§ How to complete this task
Transcribe the lines below exactly, beginning with the line that holds "Die Gera Leuchten" and ending with the final line, both included. Pictures are to be left out.

___ Exercise data

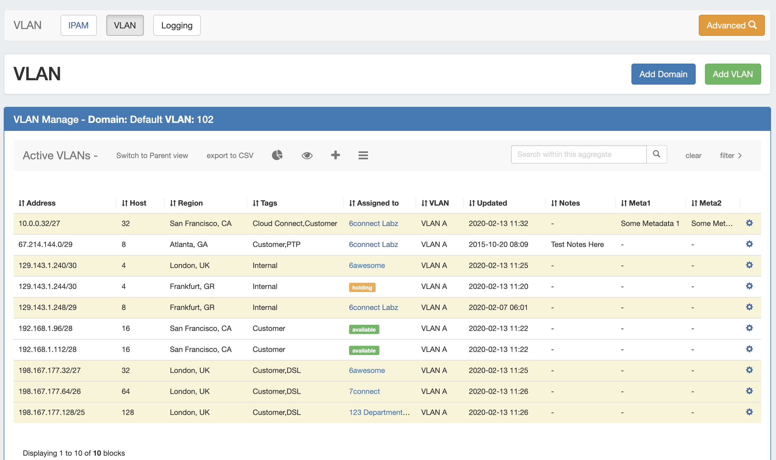 VLAN Manage has been updated to match the IPAM Manage interface and filtering options, now supports customizable columns / metadata columns, and adds access to common VLAN management areas, and includes four VLAN Panels - Utilization, Quickview, Assign Block, and Edit VLAN.
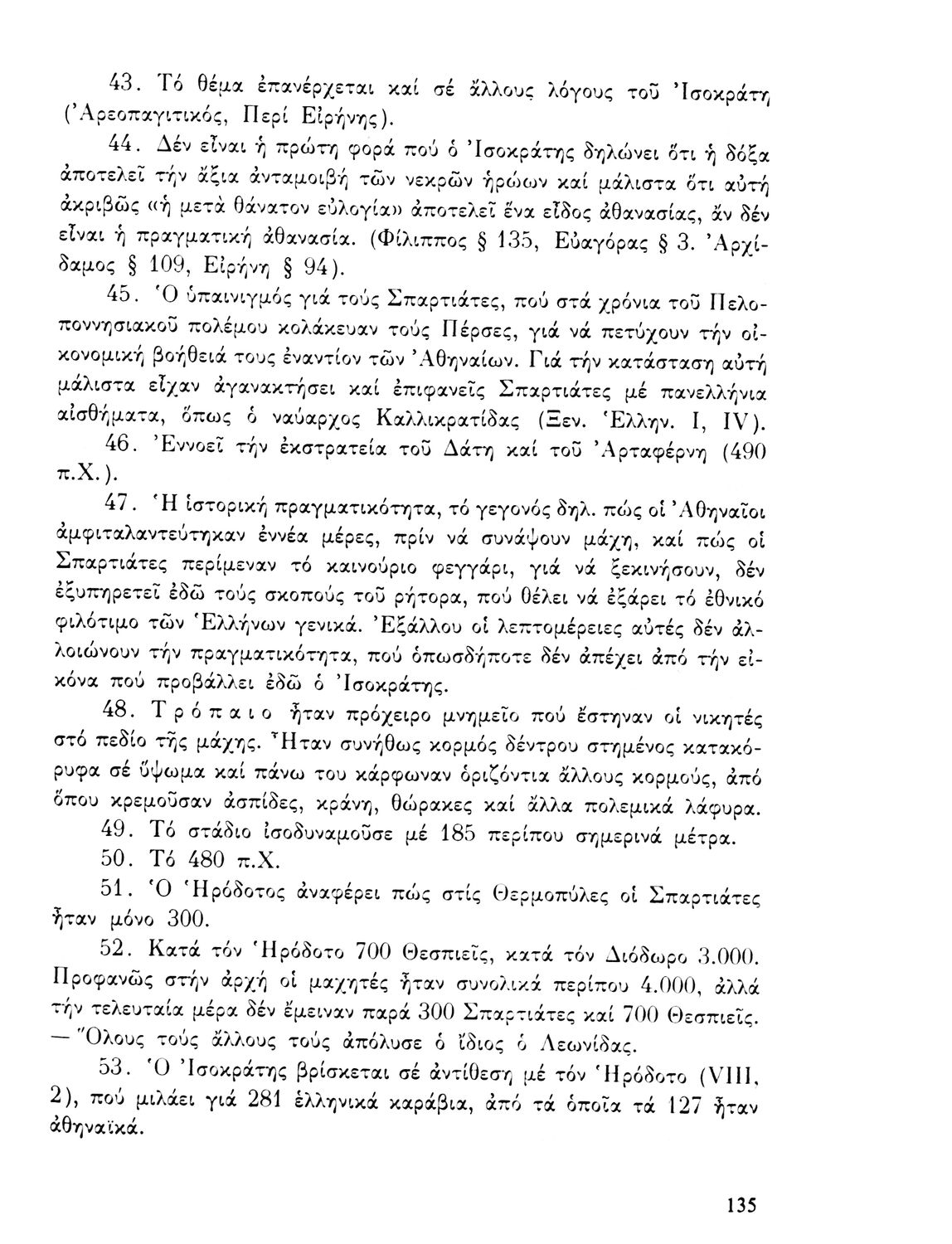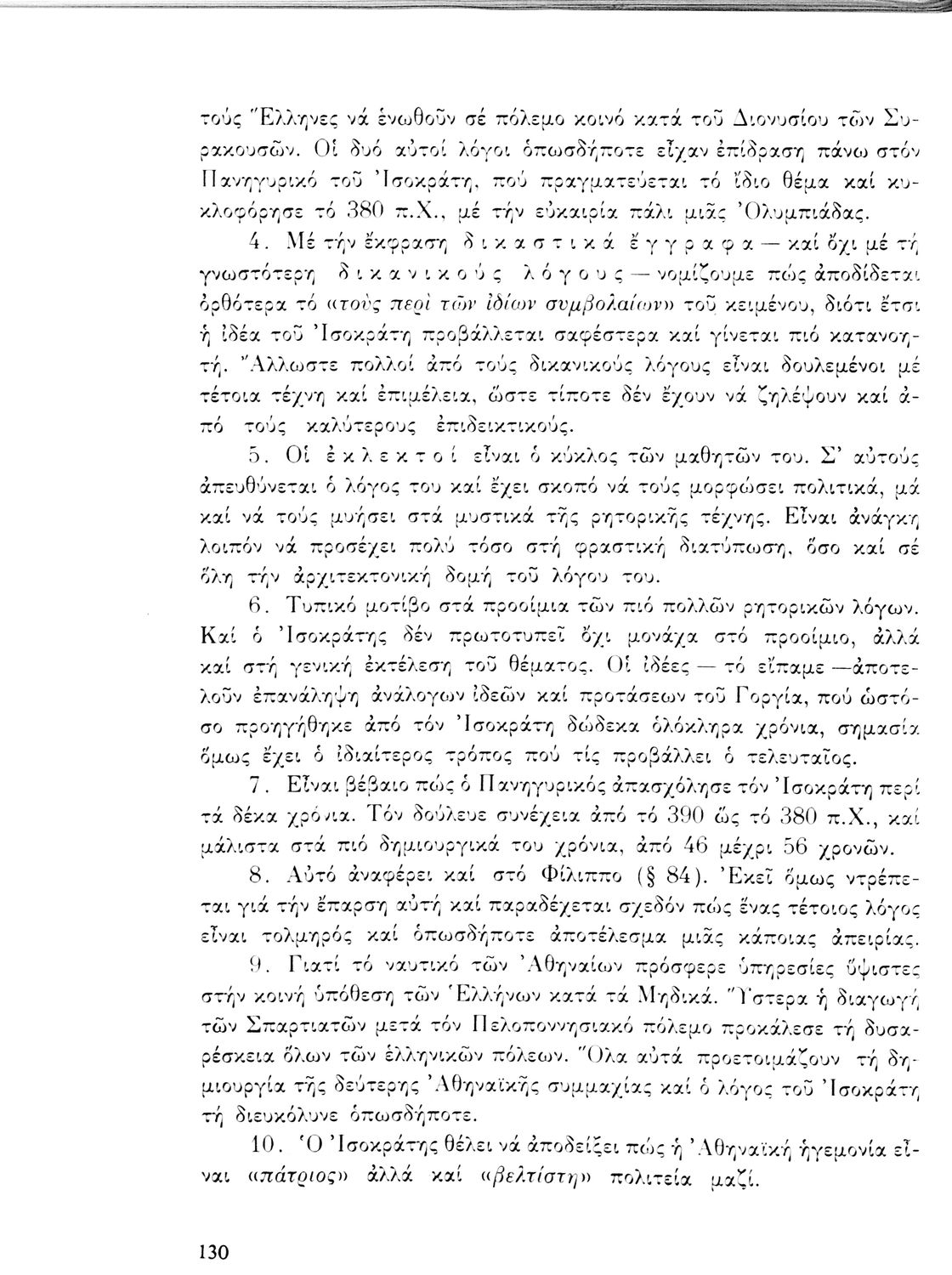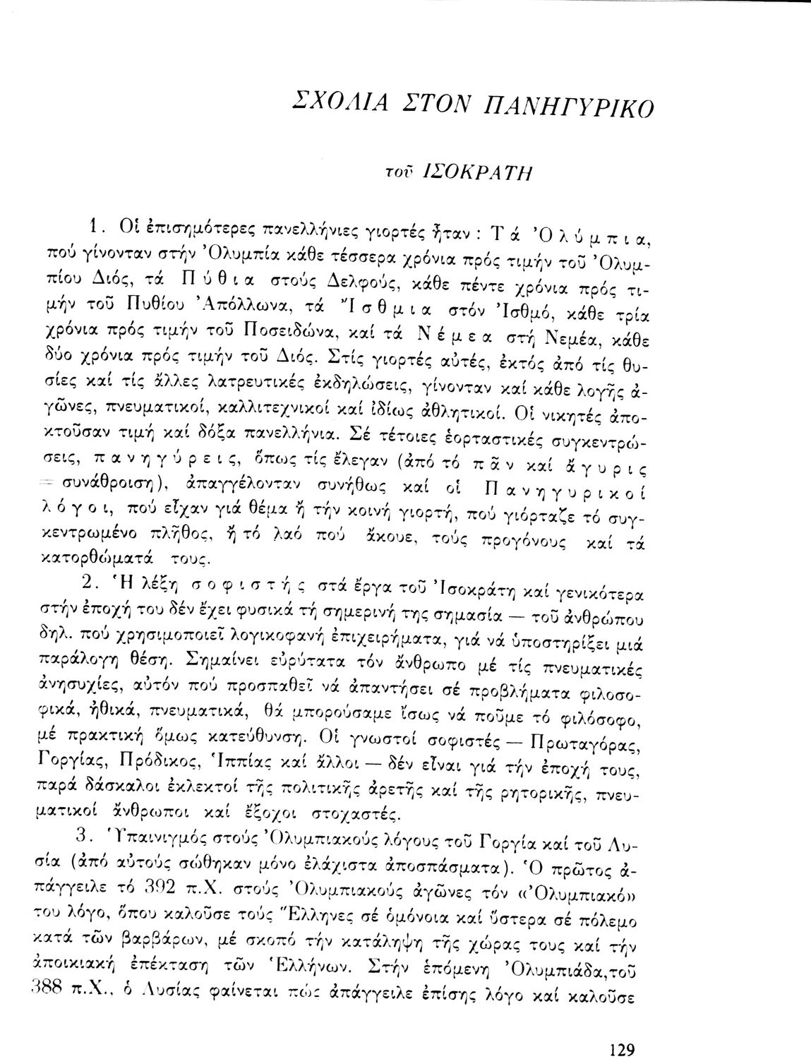 Μαθητικό βοήθημα Αρχαίων Ελληνικών που περιλαμβάνει μετάφραση του Λόγου του Ισοκράτη Πανηγυρικός και ερμηνευτικές σημειώσεις.
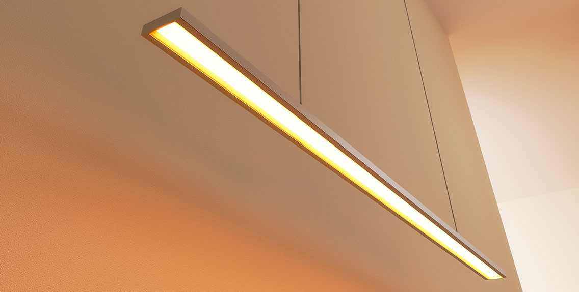 Die Gera Leuchten Pendelleuchte (Länge 90 cm) 40x10x900 ist eine schlanke, längliche LED-Pendelleuchte aus Aluminium, die in unterschiedlichen Oberflächen erhältlich ist. Diese Pendelleuchte ist in der Gesamthöhe von 20 cm bis 250 cm einstellbar. Die per Sensordimmer schalt- und dimmbare Leuchte ist wahlweise mit einer Farbtemperatur von 2.700 Kelvin extra warmweiß und 4.000 Kelvin weiß erhältlich.
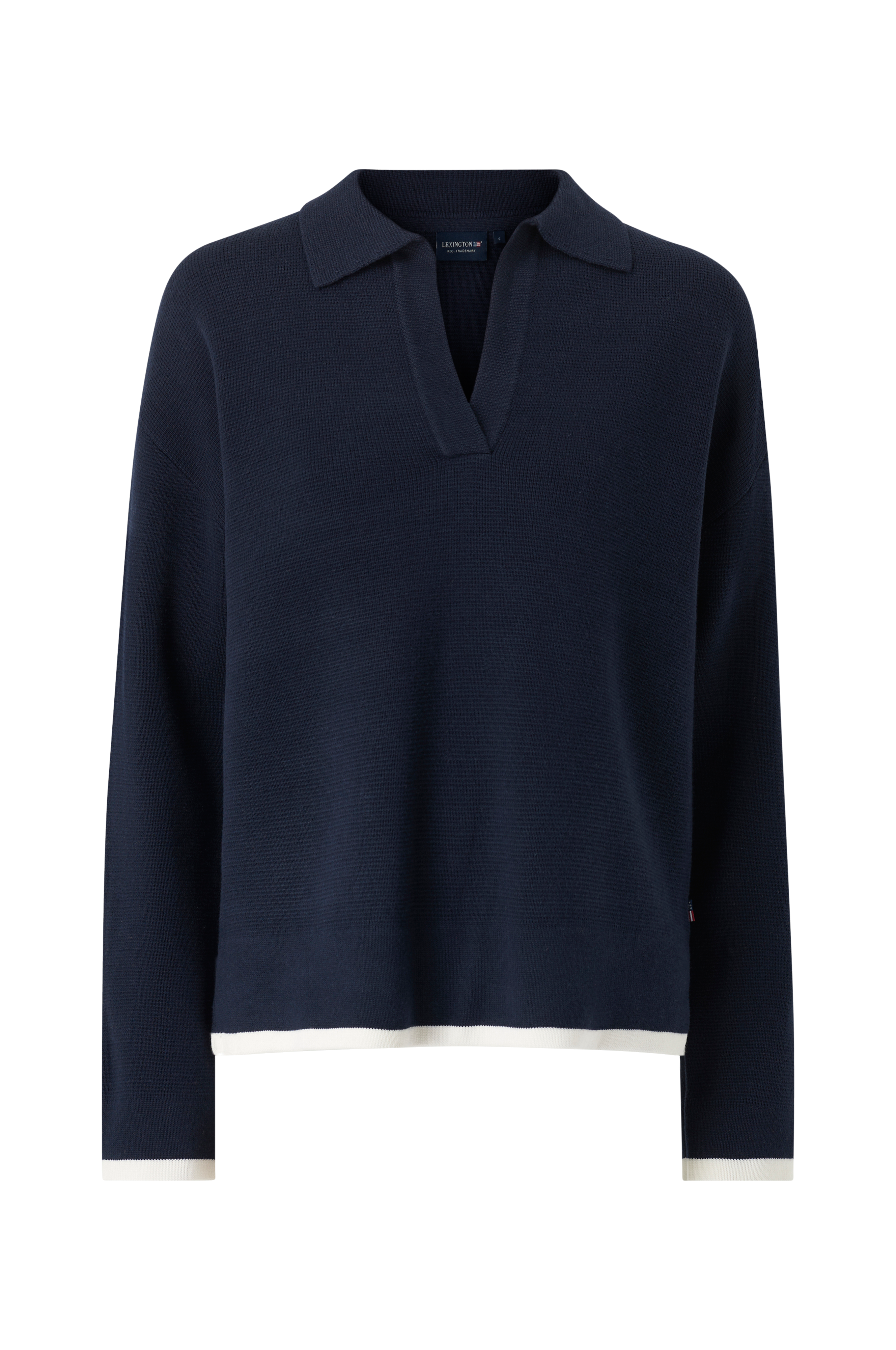 • Strikket trøje i let, varm bomuldsblanding• Afslappet pasform• V-formet halsudskæring• Nedsænkede skuldre• Ventilation nede i siderne

______

§ Answer for this exercise
 Die Gera Leuchten Pendelleuchte (Länge 90 cm) 40x10x900 ist eine schlanke, längliche LED-Pendelleuchte aus Aluminium, die in unterschiedlichen Oberflächen erhältlich ist. Diese Pendelleuchte ist in der Gesamthöhe von 20 cm bis 250 cm einstellbar. Die per Sensordimmer schalt- und dimmbare Leuchte ist wahlweise mit einer Farbtemperatur von 2.700 Kelvin extra warmweiß und 4.000 Kelvin weiß erhältlich.
 • Strikket trøje i let, varm bomuldsblanding• Afslappet pasform• V-formet halsudskæring• Nedsænkede skuldre• Ventilation nede i siderne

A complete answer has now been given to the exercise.